Neumann was unrelentingly negative, attacking Barca as a big spending tax-hiking errand boy of the Clinton-Democrat Bureaucracy Machine. This time, Neumann unseated the incumbent Barca with 49.4% of the vote to Barca's 48.8%, and quickly established himself as one of the most staunchly conservative members of the new staunchly conservative House majority.


In a stark contrast to Congressman Aspin, Freshman Neumann didn't bring home the bacon to his district. Nor was he inclined to; he proved to be a doctrinaire devoté of the Balanced Budget Amendment, opposed to pork-barrel spending, as well as to Big Government, abortion rights, environmental protection, LGBT equality, and all things progressive. The guy is deadly serious to the point where he looks incredibly awkward when he tries to smile. As a campaigner, he has been quick to go vicious, so he just doesn't come off as a nice guy. It was kind of like having Dwight Schrute as your Congressman.

In 1996, the Democrats' congressional candidate was, like Barca, a Kenoshan: President of the City Council Lydia Spottswood. The major issue that year was Social Security, which Republicans promised to replace by encouraging private investments, claiming that the present system would soon be broke. Spottswood responded that Neumann wanted to end Social Security.
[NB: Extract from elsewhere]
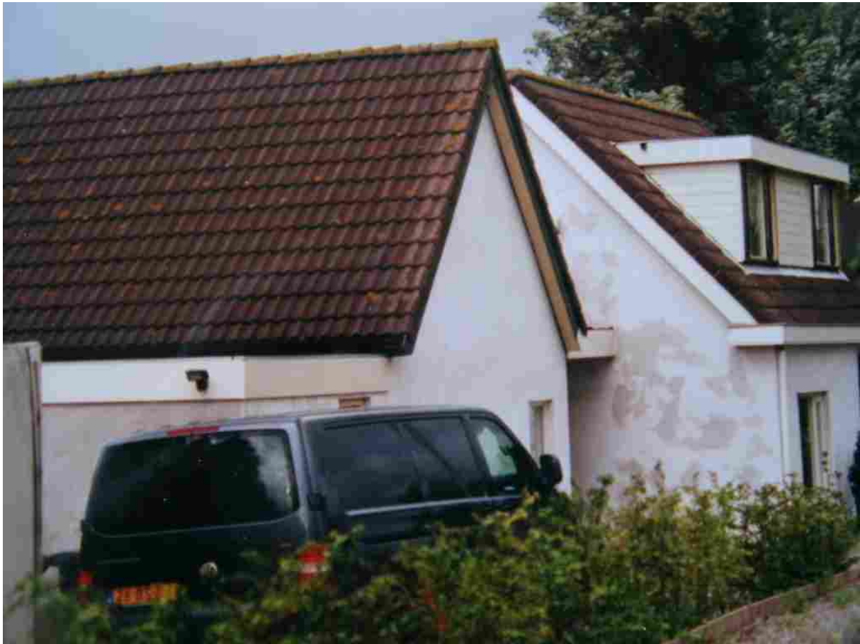
Afbeelding 12: De zwanenslachterij bevindt zich rechts naast de vroegere woning van Oostveen.

Met het oog op de in 2008 begonnen grootscheepse ruiming van inheemse wilde ganzen kan dit een nieuw licht werpen op de toenmalige verlenging van Oostveen's driftvergunning door de minister van LNV. Zonder driftvergunning immers ook geen schimmige pluimveeslachterij. De rol hierin van minister Verburg lijkt ons nopen tot nader justitieel -parlementair onderzoek.

It was a nasty race on both sides. Two years later, Spottswood described Neumann's attitude toward her in a PBS interview with Kwame Holman:
"My opponent then was actually very hostile and overtly hostile when he would see me, which was rare. I don't think he was interested in seeing me very often."
Hilary Clinton and Al Gore made campaign appearances with Spottswood, but Neumann won 50.9% of the vote to Spottswood's 49.1%. Since then, the national Democratic party has made no effort to support Democrats running for Wisconsin's First Congressional District seat. Spottswood made one more try for Congress in 1998, when Neumann ran for the U.S. Senate; but outspent by Republicans and outside groups, she lost by 15 percentage points to 28-year-old congressional aide Paul Ryan as the DNC sat idly by.